I took this ranking and compared it to the category breakdown used in Scrabble—that is, since there are 10 letters that are given 1 point each, I took the 10 most frequently used letters in my document and assigned them to group 1, the group that gets a point each. There are 2 letters in Scrabble that get two points each; I took the 11th and 12th most frequently used letters from the document and put them into group 2. I did this for all the letters, down until group 7, the letters that get 10 points each.
So at this point I had a ranking of the frequency of use of letters in an average word document in the same metric as the Scrabble letter breakdown. I made a similar graph overlaying a QWERTY with this data:
Pretty similar to the Scrabble categories, eh? You still get that wonky J thing, too.
Now comes the fun part! I had two different ways of calculating a correlation.

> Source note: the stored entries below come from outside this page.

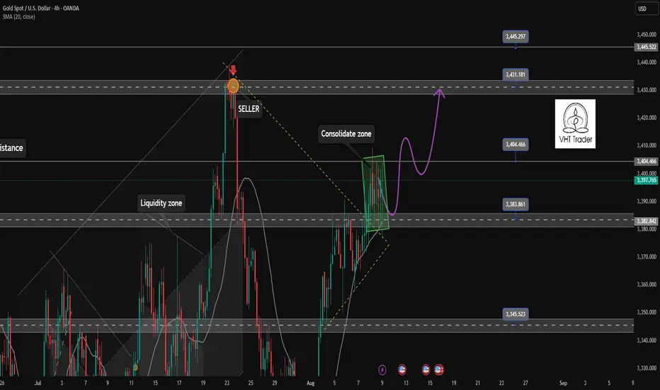 ✏️Last weekend with a trading day in the accumulation range. Early this week waiting for new momentum to break the accumulation range from 3385 and 3405 to trade on the winning side. When breaking the lower range, a corrective wave will be formed and then create increasing waves to ATH. If breaking the upper range of the accumulation model, buying force can completely push the gold price to approach ATH around 3445 soon.
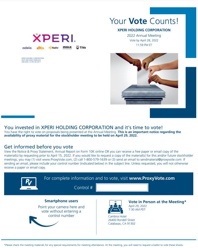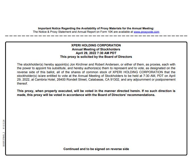 Important Notice Regarding the Availability of Proxy Materials for the Annual Meeting: The Notice & Proxy Statement and Annual Report on Form 10K are available at www.proxyvote.com XPERI HOLDING CORPORATION Annual Meeting of Stockholders April 29, 2022 7:30 AM PDT This proxy is solicited by the Board of Directors The stockholder(s) hereby appoint(s) Jon Kirchner and Robert Andersen, or either of them, as proxies, each with the power to appoint his substitute, and hereby authorize(s) them to represent and to vote, as designated on the reverse side of this ballot, all of the shares of common stock of XPERI HOLDING CORPORATION that the stockholder(s) is/are entitled to vote at the Annual Meeting of Stockholders to be held at 7:30 AM, PDT on April 29, 2022, at Cambria Hotel, This proxy, when properly executed, will be voted in the manner directed herein. If no such direction is made, this proxy will be voted in accordance with the Board of Directors' recommendations.26400 Rondell Street, Calabasas, CA 91302, and any adjournment or postponement thereof. 0000537865_2 R1.0.0.24 Continued and to be signed on reverse side
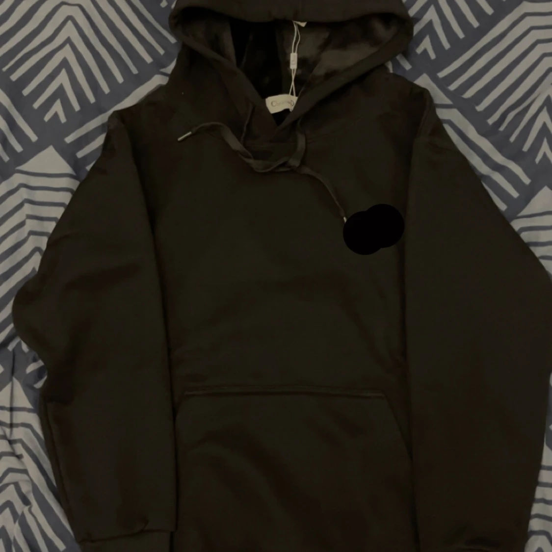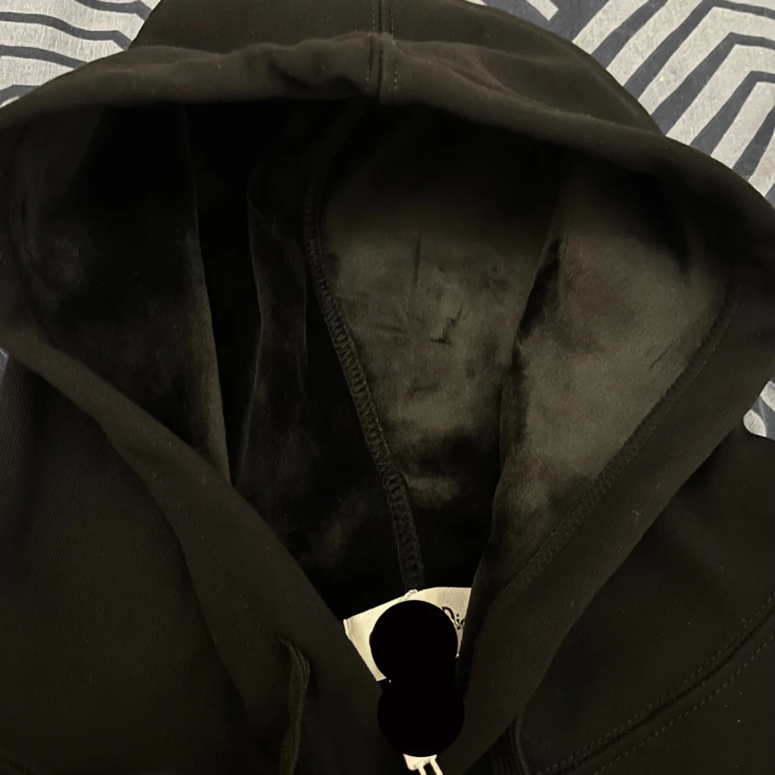 Svart hoodie med mjukt fleecefoder i huvan, perfekt för kyliga dagar. Tröjan har snörning vid huvan och en stor magficka framtill. Stilren och enkel design som funkar till många olika looks. Snyggt och bekvämt plagg för dig som gillar streetwear. Skriv vid frågor om märke!!!

The first way was the category to category comparison, which would require the use of the Spearman correlation coefficient (used for rank data). Essentially, this correlation would measure how often a letter was placed in the same group (e.g., group 1, group 4) for both the Scrabble ranking and the real data ranking. The Spearman correlation returned was 0.89. Pretty freaking high.
I could also compare the Scrabble categories against the raw frequency data, which would require the use of the polyserial correlation. Since the frequency decreases as the category number increases (group 1 has the highest frequencies, group 10 has the lowest), we would expect some sort of negative correlation. The polyserial correlation returned was -.92. Even higher than the Spearman.
So what can we conclude from this insanity? Basically that there’s a pretty strong correlation between how Scrabble decided to value the letters and the actual frequency of letter use in a regular document. Which is kind of a “duh,” but I like to show it using pretty pictures and stats.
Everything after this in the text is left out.